Five Have A Wonderful Time
- First edition
- Author: Enid Blyton
- Cover artist: Eileen A. Soper
- Language: English
- Series: The Famous Five series
- Genre: Mystery, Adventure novel
- Publisher: Hodder & Stoughton
- Publication date: 1952
- Publication place: United Kingdom
- Media type: Print (hardcover and paperback)
- Preceded by: Five on a Hike Together (1951)
- Followed by: Five Go Down to the Sea (1953)

= Five Have a Wonderful Time =

1952 children's novel by Enid Blyton

Five Have A Wonderful Time (published in 1952) is a popular children's book written by Enid Blyton. It is the eleventh novel in the Famous Five series of books.

==Plot==
George has caught a cold due to bathing in the sea in April and, as such, is unable to join Julian, Dick, and Anne on their planned caravan trip. The other children have already set up their caravans on a hill opposite Faynights Castle. George is on the mend from her cold, so she writes a postcard to let Julian, Dick, and Anne know that they should meet her at the railway station the next day. That day, the children learn that two scientists have gone missing. It’s presumed that the scientists are traitors, and have fled the country to sell secrets.
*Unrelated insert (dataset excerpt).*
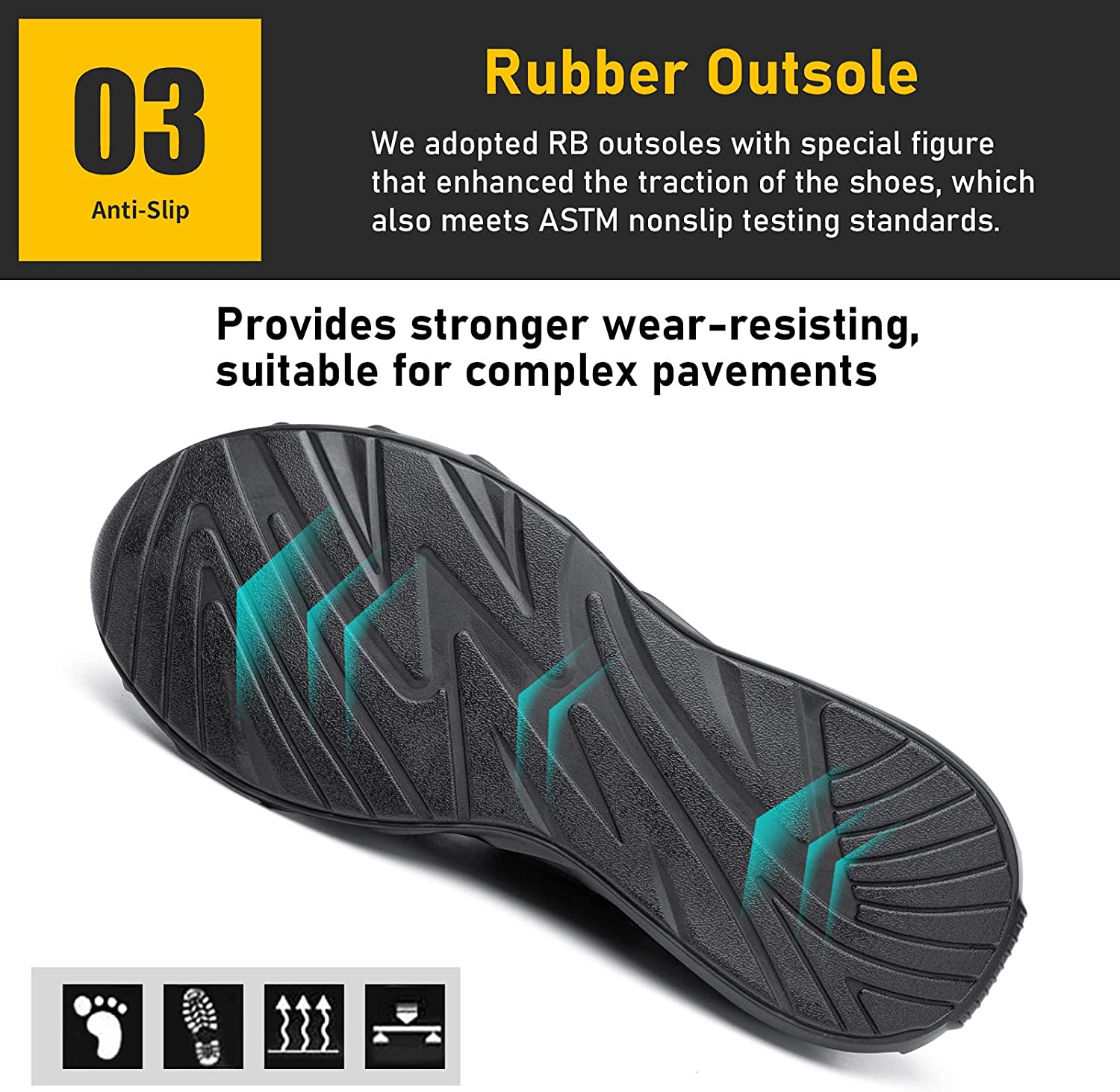【Steel Toe Cap】: The composite toe shoes for men can help to protect your feet from falling or rolling objects, greatly enhance the safety.

A traveling fair arrives and sets up camp directly next to the Kirrin Children. The children attempt to make friends with the performers, but the performers do not feel the same way. Performers include Alfredo the Fire-Eater, Bufflo the Whip Cracker and his assistant Skippy, Mr. India Rubber, and Mr. Slither, the snake-man. The tension between the children and performers finally culminates in the performers waiting until the children have gone for a walk and then hitching up their own horses to the children’s caravans to move them to another field. The field that the caravans have been moved to is owned by a farmer who orders the children off his property. Unfortunately, the Kirrins are unable to move their caravans without borrowing horses from the performers. Julian and Dick leave to speak to the performers but are unsuccessful in their attempt to borrow the horses. During this time, their old friend Jo (first introduced in Five Fall into Adventure) arrives and joins the Kirrin children. Jo aids Julian and Dick in convincing the fair performers to let them borrow their horses.

While Jo and the children are enjoying a picnic on the hill, Dick spots a face in the window of the castle tower. Julian also confirms that he sees a face, and vows to investigate further. The other children try to see the face in the window but do not see it. The children are convinced that the face in the window must belong to one of the missing scientists, but when they search the grounds the next day during a tour of the castle, they find no evidence. The steps leading up to the tower have crumbled, making it impossible to access the rooms at the top. Julian learns from the ticket lady that two men from the Society for the Preservation of Old Buildings visited the grounds yesterday. He calls the Society to confirm, and the Society tells him that nobody has been there.

The children decided to investigate the castle at nighttime and find that a chunk of the castle wall has been hollowed. The hollowed spot reveals an entrance to a secret passage in the wall that leads up to the tower itself. There the children find one of the missing scientists, Terry-Kane, being held captive. Quickly, they realize that the other scientist, Pottersham, is holding Terry-Kane captive. The children attempt a rescue which fails, and are captured themselves. The fair performers soon realize that the children are missing and attempt a rescue by climbing up the tower to the window where the children first saw the face. Pottersham is overpowered and is finally defeated by the help of Mr. Slither’s snake. Pottersham is taken to the police, where he gives a full confession.

==Adaptations==
The gamebook The Missing Scientist Game (1988) was based on this novel.